Славный Павлик, от чрезмерного трудового запала прикусывающий, жующий кончик языка, имеет еще и словно подпольную эстетскую мысль, эстетскую тревогу, даже какую-то напряженную беду из-за того, что в построениях русского искусства не все так, как хотелось бы ему, или, скажем, не до конца все ему известно, ясно и понятно. Все эти греки с их византийскими канонами, упитанные мастера от немец; и не известно, кто возвел тот или иной храм; к тому же еще русский разум вообще как проходной двор, а русский гений всегда словно не от мира сего и, отрываясь от действительности буквально на глазах изумленного Павлика, еще и бьет его по этим самым глазам разными обрывками, разлетающимися в разные стороны скрепами. И другой на его месте точно сошел бы с ума, уж от того только, что никому в нынешнем мире нет дела до его тревоги и даже самое русское искусство стоит вне его озабоченности, но проворный Павлик все же не без достоинства, выдержав, кстати сказать, темное и в своем существе наглое язычество жены, отбыл в столицу поработать на месте в журнале и там, надо полагать, с обычной своей расторопностью принялся двоить жизнь на хорошо оплачиваемые творческие муки и на взятые в путь-дорожку домашние терзания. Сдвоенность же Севера теснилась вся тут, возле заповедного поля. Как отвратительно слиплись две его натуры! Он любит неказистые улочки окраин города, но ходить ему по ним порой до крайности трудно, ибо и несется как на крыльях, и шатается от усталости и отвращения к себе. Бог знает, что за сила еще влачит его и как его еще терпит, например, иная неожиданно развернувшаяся во всю ширь улица, умеющая четко и прочно, без видимых усилий, прорисовывать свою теневую и солнечную стороны. У нее эта прорисовка естественно и вообще отлично получается и достигает уровня законченной картины, в которую он закрадывается не то вором, не то жалким подражателем.

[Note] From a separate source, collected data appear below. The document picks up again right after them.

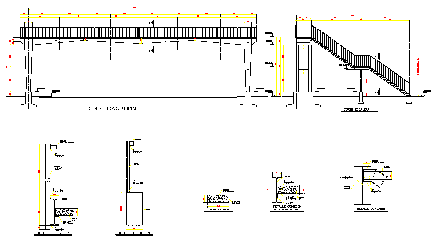 Here is the autocad dwg of peatonal bridge ,drawing consists of sectional elevation of bridge,staircases of bridge,sectional detail,plan of peatonal bridge.
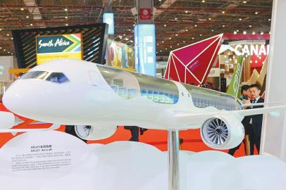 進(jìn)口博覽會上展出的ARJ21支線客機(jī)模型。本版攝影 記者 李向雨
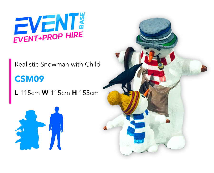 Description: This Snowman & Child prop is a really traditional prop and has exceptional detail from a crow on the Snowman shoulder, to the pipe coming out of his mouth.
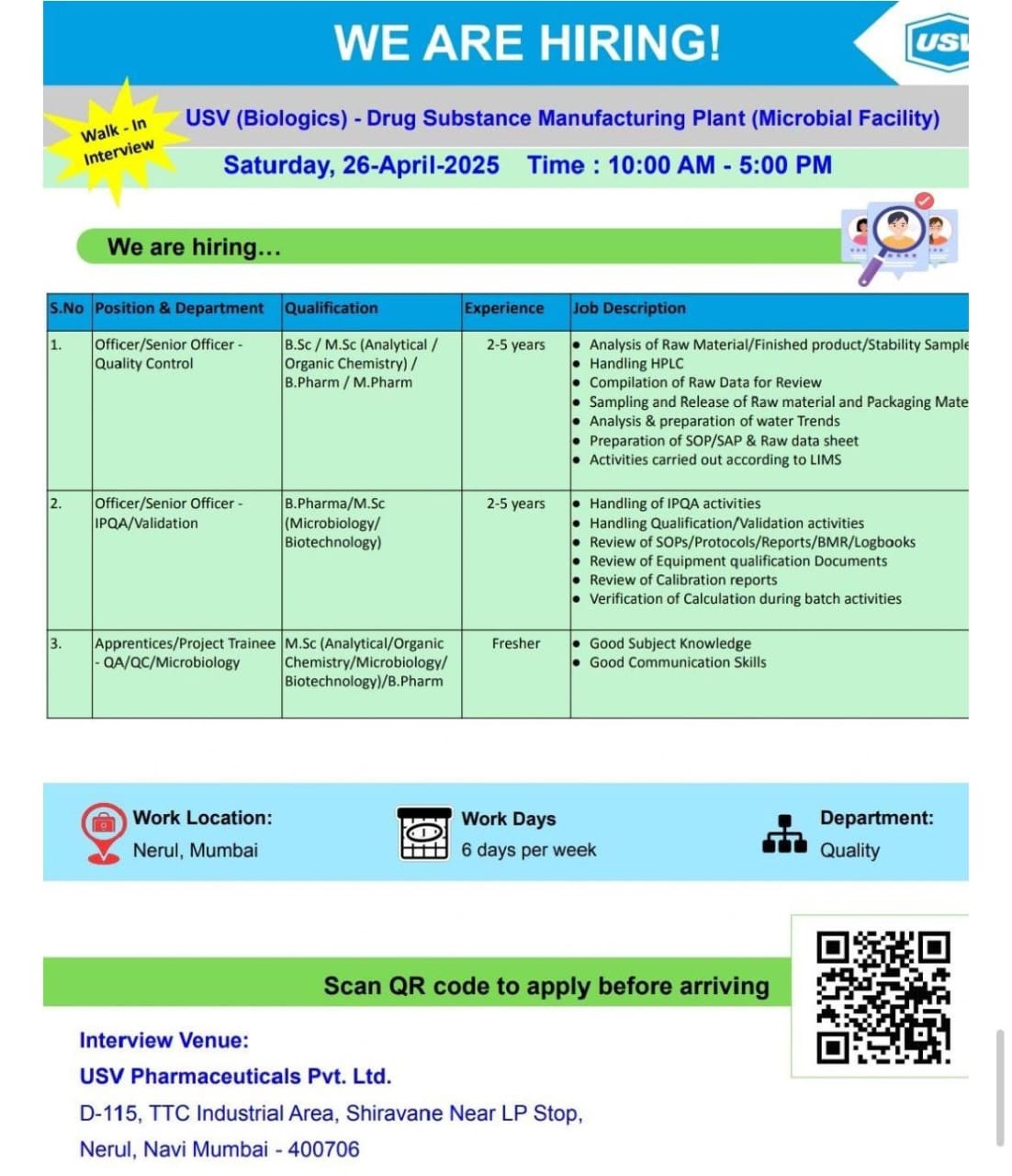 USV Pharma-Walk In Interview On 26th April 2025 USV Pharma-Walk In Interview On 26th April 2025 Post Views: 1,064 Job Category: Pharma Job Type: Full Time Job Location: Nerul Apply for this position Full Name *Email *Phone *Cover Letter *Upload CV/Resume *Allowed Type(s): .pdf, .doc, .docxBy using this form you agree with the storage and handling of your data by this website. *
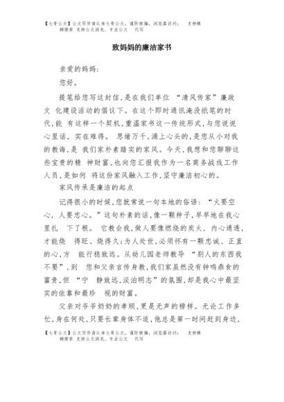 【七哥公文】2025年:致妈妈的廉洁家书+更多免费公文+VX:QiGeGongWen2024

Однажды Павлик, сплетая ноги в узоры молний на грозовом небе, вбежал в его дом и с порога закричал:
- Моя жена тебя любит, любит! Теперь я раскусил все это!
Высказавшись, словно бы молниеносный Павлик вдруг жалобно задрожал, как безволосое, гадко нагое существо на морозном ветру. Север еще не успел встрепенуться и забеспокоиться и только на скорую руку возразил:
- За что ей любить меня?
- Ты что мне буднично отвечаешь? - запротестовал Павлик. - Ты же понял... и как не понять? Не до обыденности мне, когда такой расклад! Тут драма. Я напьюсь!
- Ну что ж, рассказывай.
- Ты в тот день, когда мы случайно встретились в роще, показался ей необыкновенным, солнечным, что ли... светлым таким, в отличие от меня. Она уже тогда забредила тобой.
Север осторожно рассмеялся.
- Она тебе сама об этом сказала?
- Нет, но я догадался.
Теперь Павлик стал неприятен Северу.
- Откуда ты взялся? Ты же был в отъезде.
- Я вернулся, - сказал Павлик. - А вы думали тут роман без меня крутить?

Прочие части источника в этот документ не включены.